In his opening statement, Fed Chairman Ben Bernanke made the case for legislation–soon to be introduced by the administration on the hill–that would create guidelines and authority for the government to take non-bank financial institutions (like, say, Lehman Bros. and AIG) into conservatorship or receivership. Bernanke said:
The decision by the Federal Reserve on September 16, 2008, with the full support of the Treasury, to lend up to $85 billion to AIG should be viewed with this background in mind. At that time, no federal entity could provide capital to stabilize AIG and no federal or state entity outside of a bankruptcy court could wind down AIG. Unfortunately, federal bankruptcy laws do not sufficiently protect the public’s strong interest in ensuring the orderly resolution of nondepository financial institutions when a failure would pose substantial systemic risks, which is why I have called on the Congress to develop new emergency resolution procedures.

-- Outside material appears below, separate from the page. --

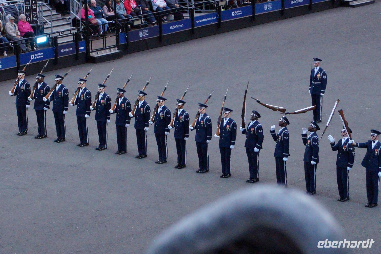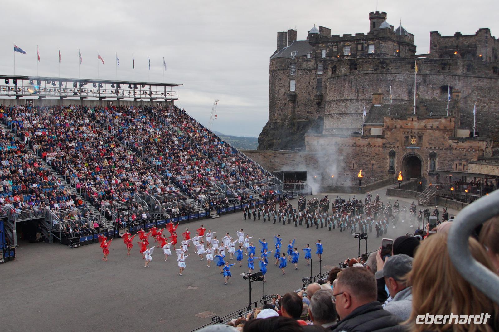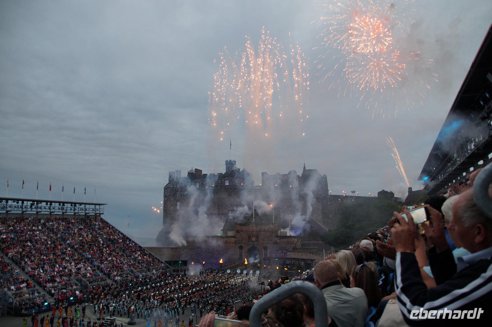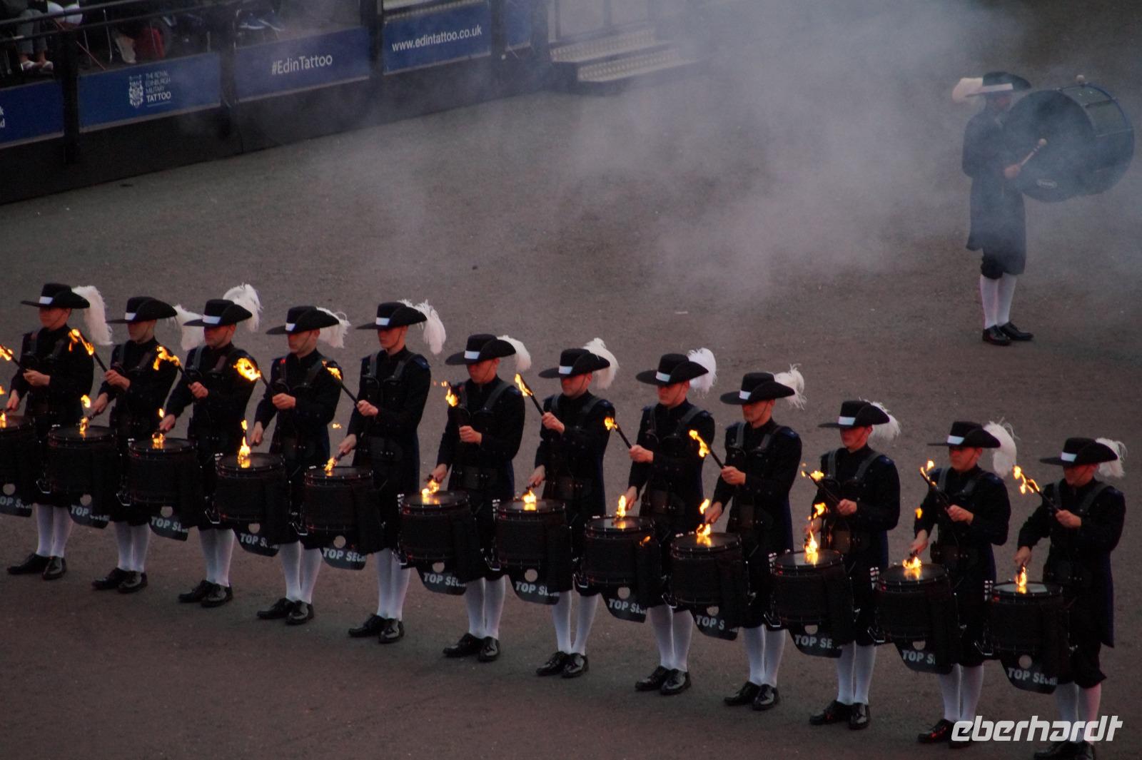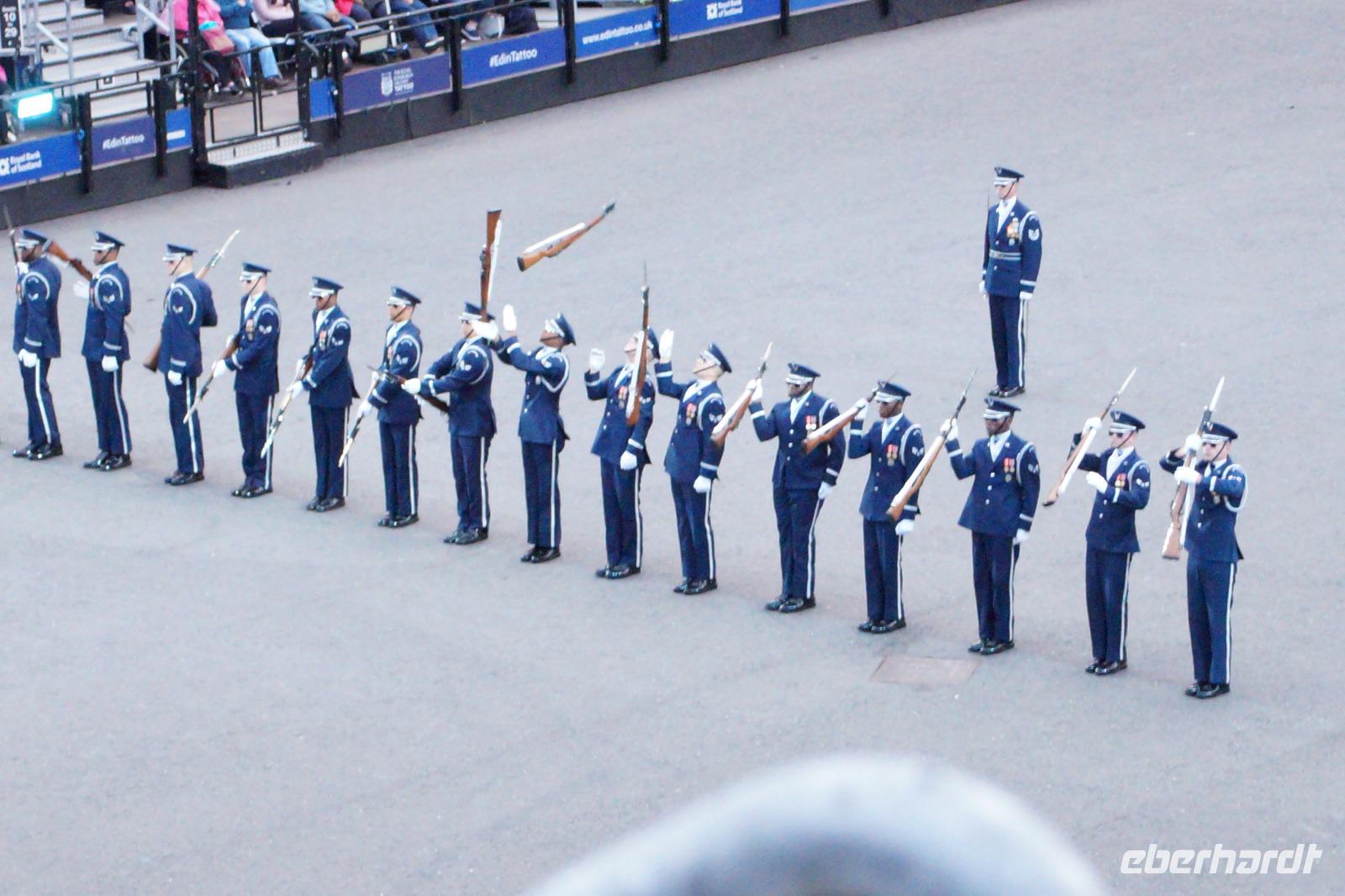 Das Royal Military Tattoo stand in diesem Jahr ganz im Zeichen des einhundertjährigen Bestehens der Royal Air Force und es kann und will seinen militärischen Charakter nicht verhehlen, wenn auch heute durchaus im Rahmen der Völkerverständigung. So waren neben einer malawischen Jugendgruppe, einem Freiwilligenregiment aus Middlesex County (Middlesex County Volunteers Fifes and Drums) auch wieder die Schweizer vom Top Secret Drum Corps dort, eine Militärkapelle aus dem Oman und aztekische Adlerkrieger verbreiteten mit ihrem Sturm auf das Exerzitiengelände Angst und Schrecken, bevor eine Mariachi-Band und eine Blaskapelle die Spannung mit Despacito auflösten. Äußerste Disziplin zeigte das Wachregiment der amerikanischen Luftwaffe. Am meisten Eindruck machten natürlich die verschiedenen Highlandregimenter mit ihren Bagpipes und Dudelsäcken, wegen denen kommt man in erster Linie zum Royal Military Tattoo nach Edinburgh. In der Endvorstellung tanzten schottische Tänzerinnen mit tschechischen, mexikanischen und malawischen Tänzerinnen und Tänzern zum Abschlussfeuerwerk. Danach zogen alle Mitwirkenden gemeinsam aus.

However, the Federal Reserve did have the authority to lend on a fully secured basis, consistent with our emergency lending authority provided by the Congress and our responsibility as central bank to maintain financial stability. We took as collateral for our loan AIG’s pledge of a substantial portion of its assets, including its ownership interests in its domestic and foreign insurance subsidiaries. This decision bought time for subsequent actions by the Congress, the Treasury, the Federal Deposit Insurance Corporation, and the Federal Reserve that have avoided further failures of systemically important institutions and have supported improvements in key credit markets.
Geithner said much the same in his own opening statement. That’s the line from the administration. What this means for AIG, but also existing banks and other financial institutions is still an open question. Let’s see if Geithner or Bernanke or William C. Dudley (President and Chief Executive Officer of the New York Fed, also testifying) tip their hands.